No withdrawal was in terms authorized, yet a withdrawal was in fact made extending not merely to the Raccoon Fork, but above it, to the northern boundary of the territory. The supreme court held that the grant only extended to the Raccoon Fork, but sustained the validity of the entire withdrawal. In 5 Wall, supra, the court said:

562

“It has been argued that these lands had not been reserved by competent authority, and hence that the reservation was nugatory. As we have seen, they were reserved from sale for the special purpose of aiding in the improvement of the Des Moines river, first, by the secretary of the treasury, when the land department was under his supervision and control, and again by the secretary of the interior after the establishment of this department, to which the duties were assigned, and afterwards continued by this department under instructions from the president and cabinet. Besides, if this power was not competent, which we think it was ever since the establishment of the land department, and which has been exercised down to the present time, the grant of eighth of August, 1846, carried along with it, by necessary implication, not only the power, but the duty, of the land-office to reserve from sale the lands embraced in the grant; otherwise its object might be utterly defeated. Hence, immediately upon a grant being made by congress, for any of these public purposes, to a state, notice is given by the commissioner of the land-office to the registers and receivers to stop all sales, either public or by private entry. Such notice was given the same day the grant was made, in 1856, for the benefit of these railroads.”

And also, in the same case, it was held that a railroad grant of like import with that in question here was not operative within the limits of the withdrawal.

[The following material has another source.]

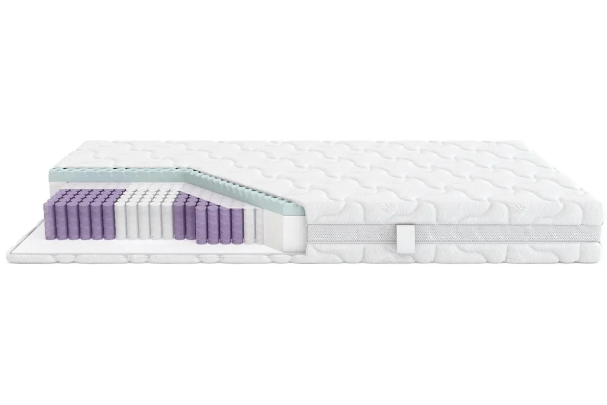 Każdą ze sprężyn umieszczono w osobnej kieszonce, co sprawia, że materac nie faluje i nie ulega łatwo drganiom. Wysoki współczynnik gęstości rozmieszczenia sprężyn w przeliczeniu na metr kwadratowy zapewnia odpowiednią elastyczność punktową i zapewnia trwałość materaca. - PIANKA POLIURETANOWA

Again, the extent of the withdrawal is challenged. While no express direction or withdrawal is found in the Northern Pacific act, yet its language contemplates a withdrawal, but only from “sale, entry, and pre-emption,” and therefore impliedly forbids a withdrawal for any other purpose, and the case of Kansas Pac. Ry. Co. v. Dunmeyer, 113 U. S. 629, S. C. 5 Sup. Ct. Rep. 566, is cited as authority. That case decides that where an act directs the secretary of the interior, upon the filing of a map of general route, to withdraw certain lands from “sale,” the filing of the map has no further force than to carry into effect the law, and does not operate as a withdrawal from homestead and pre-emption. Expressio unius est exclusio alterius was invoked. But here there was no express direction of withdrawal. The general powers of the land department were not limited. The withdrawal was in fact made. It was in existence and a public record in the offices at Washington at the time the act of 1871 was passed. Congress may be presumed to have acted with knowledge of this fact. If it had intended to stamp with the seal of disapprobation this act of the land department as a usurpation of authority, it could easily have expressed that intent in clear and unmistakable terms. On the contrary, its language seems rather an approval of the action of that department, and to make a grant subject to the reservations created thereby. I can come to no other conclusion than that the withdrawal was valid, and that the grant to the St. Paul & Pacific never had operative force within its limits. The only remaining lands are those outside these withdrawal limits, but within the indemnity limits of the Northern Pacific. As to them but a word is necessary. No rights are acquired until selection. Ryan v. Railroad Co., 99 U. S. 382; Grinnell v. Railroad Co., 563103 U. S. 739. No prior selection on the part of the Northern Pacific is shown. Its claim that, as the holder of the prior grant, it has a reasonable time in which to make a selection, if good in law, which I doubt, is not sustained by the facts.

A decree will therefore be entered in favor of the Northern Pacific Company as to all lands within its place limits, and also within the limits of the withdrawal of October 12, 1870, and dismissing the supplemental bill of the St. Paul, Minneapolis & Manitoba Railway Company at its costs. The case will be referred to a master to report the lands coming within the limits named.